DATA SECTION>
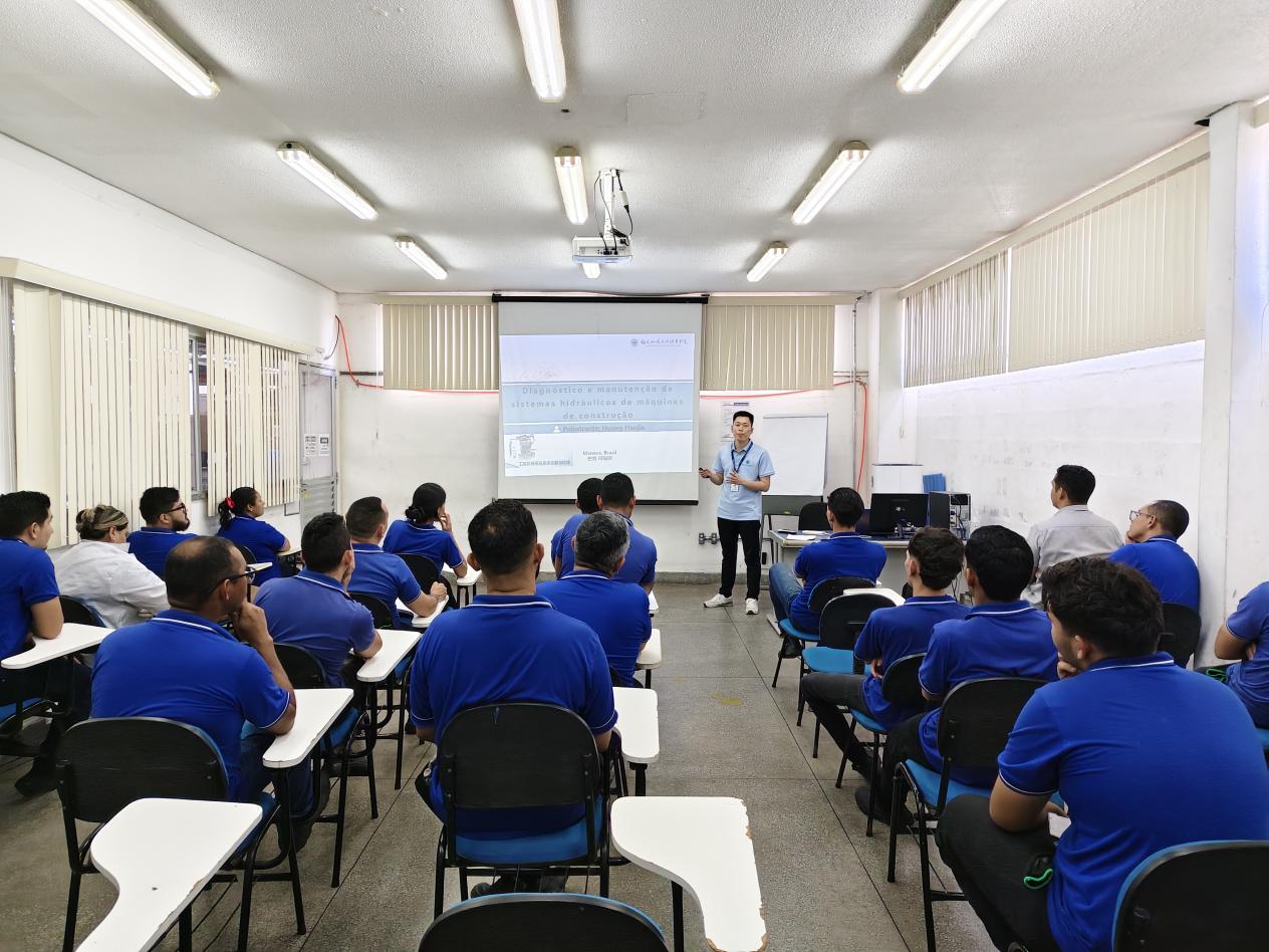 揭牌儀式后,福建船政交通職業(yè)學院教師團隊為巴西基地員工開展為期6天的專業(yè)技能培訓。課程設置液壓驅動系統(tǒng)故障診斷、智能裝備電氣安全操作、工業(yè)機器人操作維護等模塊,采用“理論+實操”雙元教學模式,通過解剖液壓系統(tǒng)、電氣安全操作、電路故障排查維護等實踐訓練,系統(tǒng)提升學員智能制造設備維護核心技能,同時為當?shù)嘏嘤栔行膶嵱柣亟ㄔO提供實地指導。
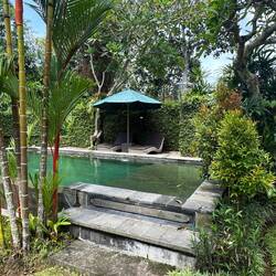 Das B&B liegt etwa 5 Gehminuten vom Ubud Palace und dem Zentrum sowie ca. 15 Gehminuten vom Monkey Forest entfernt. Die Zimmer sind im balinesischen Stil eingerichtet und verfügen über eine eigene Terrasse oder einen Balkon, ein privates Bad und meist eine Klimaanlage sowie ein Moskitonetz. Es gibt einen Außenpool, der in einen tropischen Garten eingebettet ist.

==

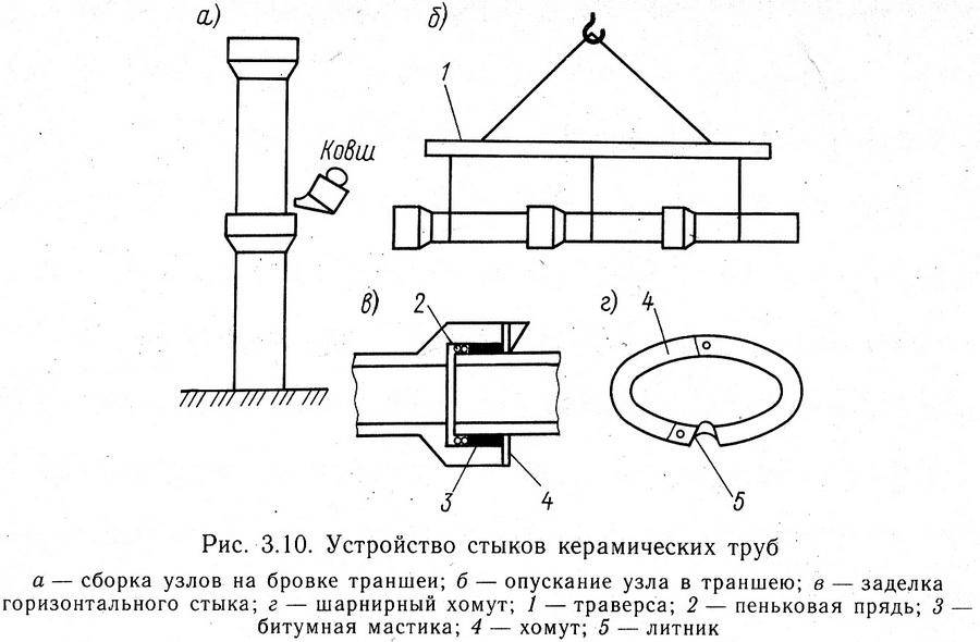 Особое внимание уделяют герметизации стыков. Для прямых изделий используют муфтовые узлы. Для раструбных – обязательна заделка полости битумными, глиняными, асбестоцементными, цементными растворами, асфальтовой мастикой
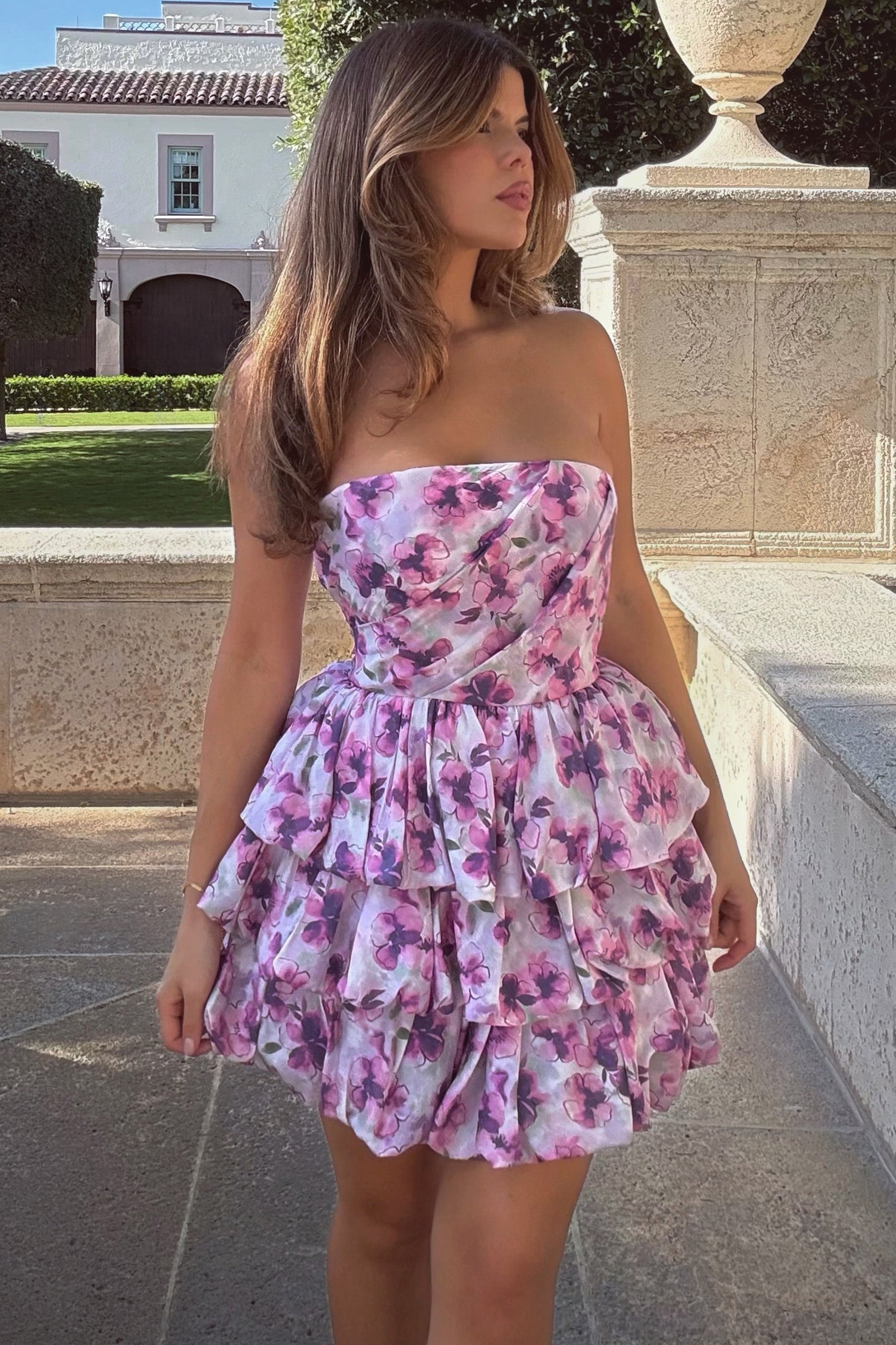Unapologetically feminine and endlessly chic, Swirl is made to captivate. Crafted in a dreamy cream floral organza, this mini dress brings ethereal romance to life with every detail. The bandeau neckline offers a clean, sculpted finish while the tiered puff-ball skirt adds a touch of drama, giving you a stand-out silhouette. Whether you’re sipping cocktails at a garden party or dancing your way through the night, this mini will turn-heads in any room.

* * *

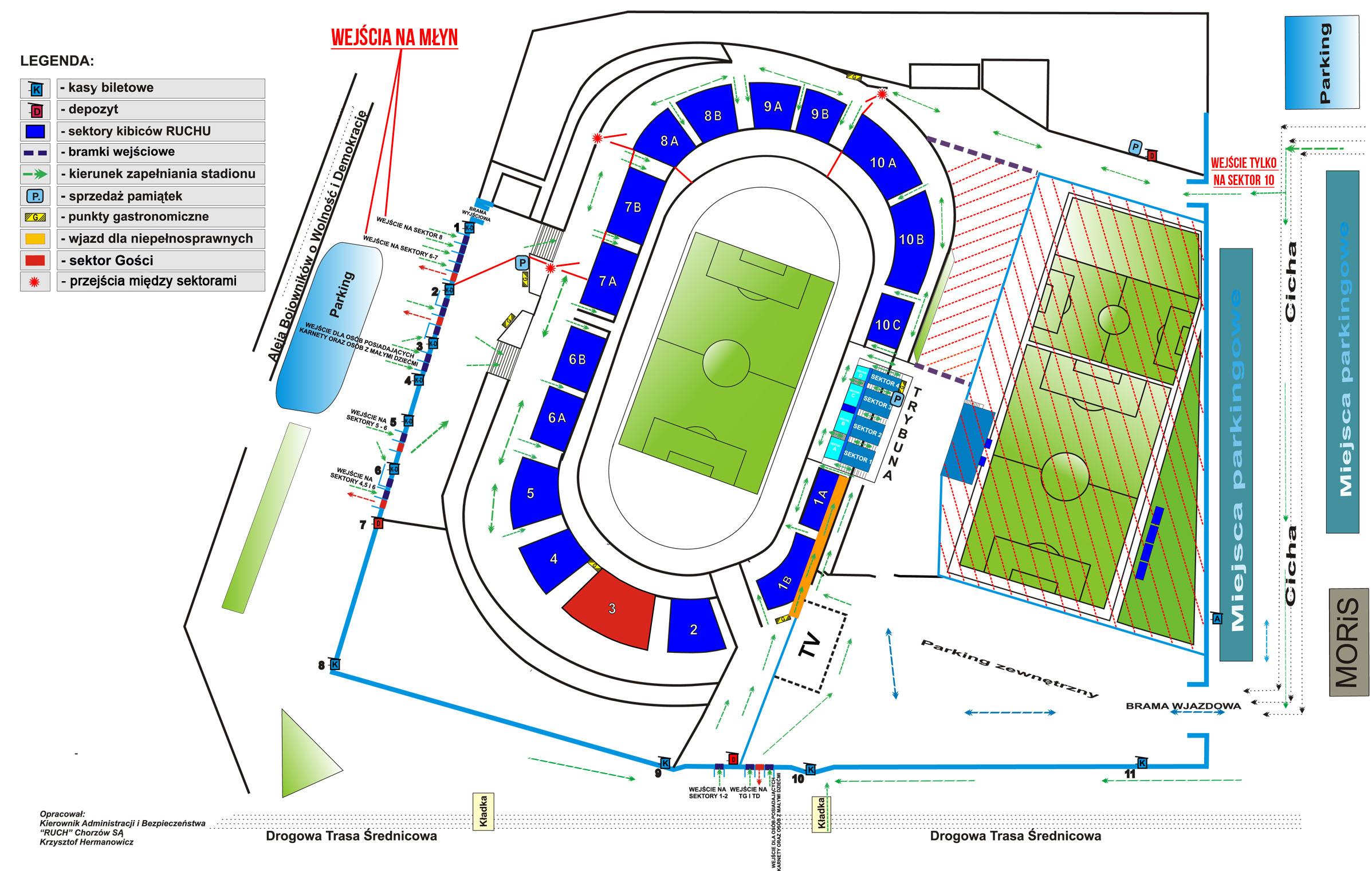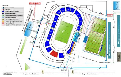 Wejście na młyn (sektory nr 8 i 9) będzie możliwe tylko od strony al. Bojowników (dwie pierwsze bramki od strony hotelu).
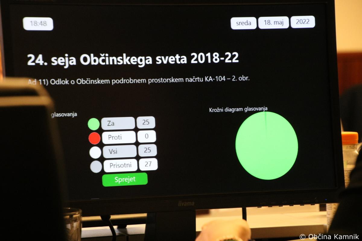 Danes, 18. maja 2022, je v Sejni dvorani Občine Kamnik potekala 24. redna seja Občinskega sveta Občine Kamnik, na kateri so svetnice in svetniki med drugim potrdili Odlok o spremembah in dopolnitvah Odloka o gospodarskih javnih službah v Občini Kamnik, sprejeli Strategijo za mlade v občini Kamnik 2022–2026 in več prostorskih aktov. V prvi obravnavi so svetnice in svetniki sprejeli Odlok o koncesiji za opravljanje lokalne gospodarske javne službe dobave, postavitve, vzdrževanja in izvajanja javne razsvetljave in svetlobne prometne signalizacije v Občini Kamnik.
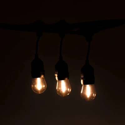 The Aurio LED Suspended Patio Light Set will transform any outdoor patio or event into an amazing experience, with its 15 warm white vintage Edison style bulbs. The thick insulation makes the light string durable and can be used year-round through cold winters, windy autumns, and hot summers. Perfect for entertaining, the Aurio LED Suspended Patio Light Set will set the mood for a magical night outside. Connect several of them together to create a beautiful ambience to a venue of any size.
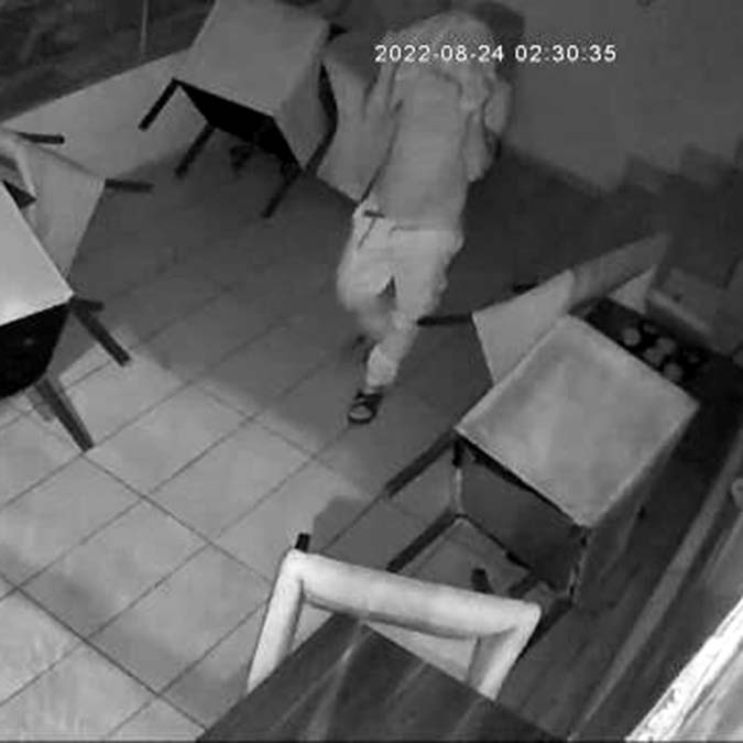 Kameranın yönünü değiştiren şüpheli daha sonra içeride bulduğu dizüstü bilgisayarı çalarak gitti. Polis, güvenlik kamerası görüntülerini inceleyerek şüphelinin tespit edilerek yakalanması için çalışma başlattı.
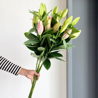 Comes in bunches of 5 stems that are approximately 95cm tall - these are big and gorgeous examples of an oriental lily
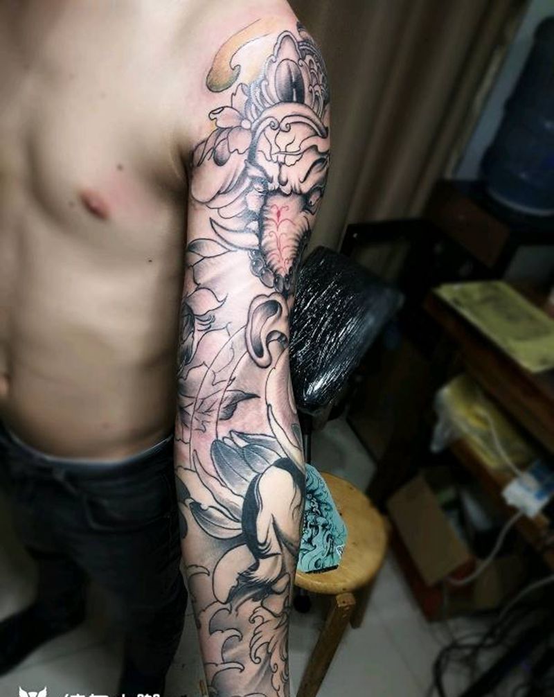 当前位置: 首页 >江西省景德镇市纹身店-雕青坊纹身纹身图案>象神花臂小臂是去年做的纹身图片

WHAT IS EXPECTED> What lines above run from the one with "Comes in bunches" to the one with "当前位置: 首页 >江西省景德镇市纹身店-雕青坊纹身纹身图案>象神花臂小臂是去年做的纹身图片"? Give them again exactly, ends included, and leave the pictures out.

WRITTEN REPLY>
 Comes in bunches of 5 stems that are approximately 95cm tall - these are big and gorgeous examples of an oriental lily
 当前位置: 首页 >江西省景德镇市纹身店-雕青坊纹身纹身图案>象神花臂小臂是去年做的纹身图片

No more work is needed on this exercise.